Belum terhapus dari ingatan kita bagaimana beberapa media koran dan majalah yang pernah dicabut ijinnya dan titutup oleh pemerintah yang berkuasa dalam periode TIRENTERASI hanya karena mereka melanggar “etiket” pemberitaan bukan etika pemberitaan. Pada masa itu, ada juga wartawan ataupun penulis yang selesai menulis bukannya menikmati hasil kerjanya, eh malah nyangkut di penjara. Mengapa demikian ? sebab pada masa TIRENTERASI, etika pemberitaan atau penulisan yang melanggar demokrasi pada masa itu bisa beresiko fatal.
Setelah 13 tahun menikmati kemerdekaan yang benar-benar demokratis dialami oleh para penulis dan mereka yang hobi menulis, terus dimanjakan juga oleh media virtual seperti kompasiana dan media interaksi social lainnya, marilah kita menjaga agar kemerdekaan yang true demokrasi ini tidak lari atau lepas dari koridor etika dan norma yang ada.
Sebab di alam kemerdekaan demokratis yang baru kita nikmati 13 tahun ini, tidak serta merta menjadikan kita sebagai penulis yang suka menghujat, memaki, provokatif dan hanya bisa teriak-teriak lewat tulisan dan mengabaikan etika begitu saja.

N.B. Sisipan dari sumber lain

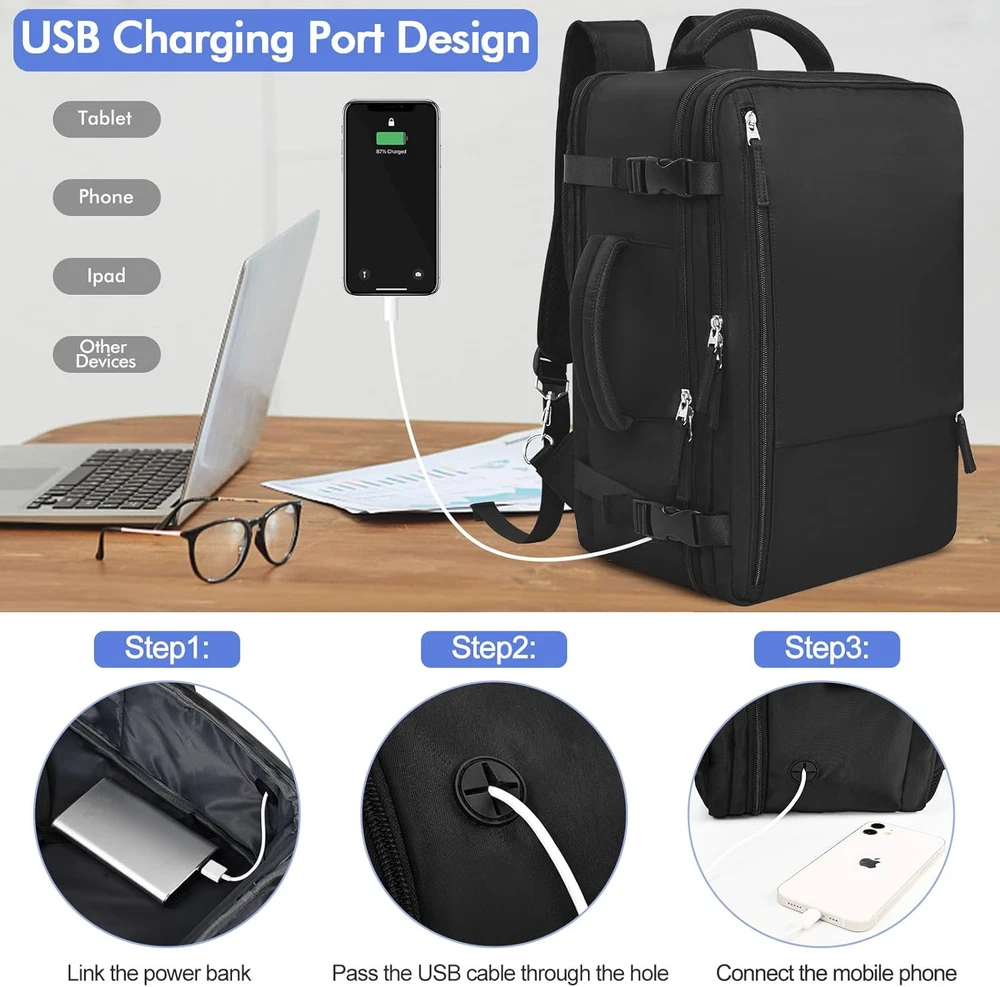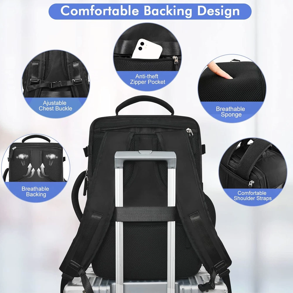 Flight-Approved Black Travel Backpack for Men & Women Carry-On Bag

Tetapi mari bingkai kebebasan berekspresi lewat tulisan itu dengan hantaman yang beretika, tulisan yang inspiratif dan memotivasi daripada yang memprovokasi, juga jangan suka copas tanpa menghargai nara sumber.
Itulah kenikmatan yang harus tetap kita jaga, yakni kemerdekaan menulis di Negara demokrasi kita Indonesia tercinta, kebebasan yang diekspresikan dengan tetap terjaga dalam balutan etika dan norma ketimuran khas Indonesia, yang santun namun tetap berani, yang lembut tapi tetap tegas. Sebab itulah yang membuat demokrasi kita bangsa Indonesia unik dan menarik di mata dunia. Selamat Hari Ulang Tahun Kemerdekaan Republik Indonesia yang ke 65.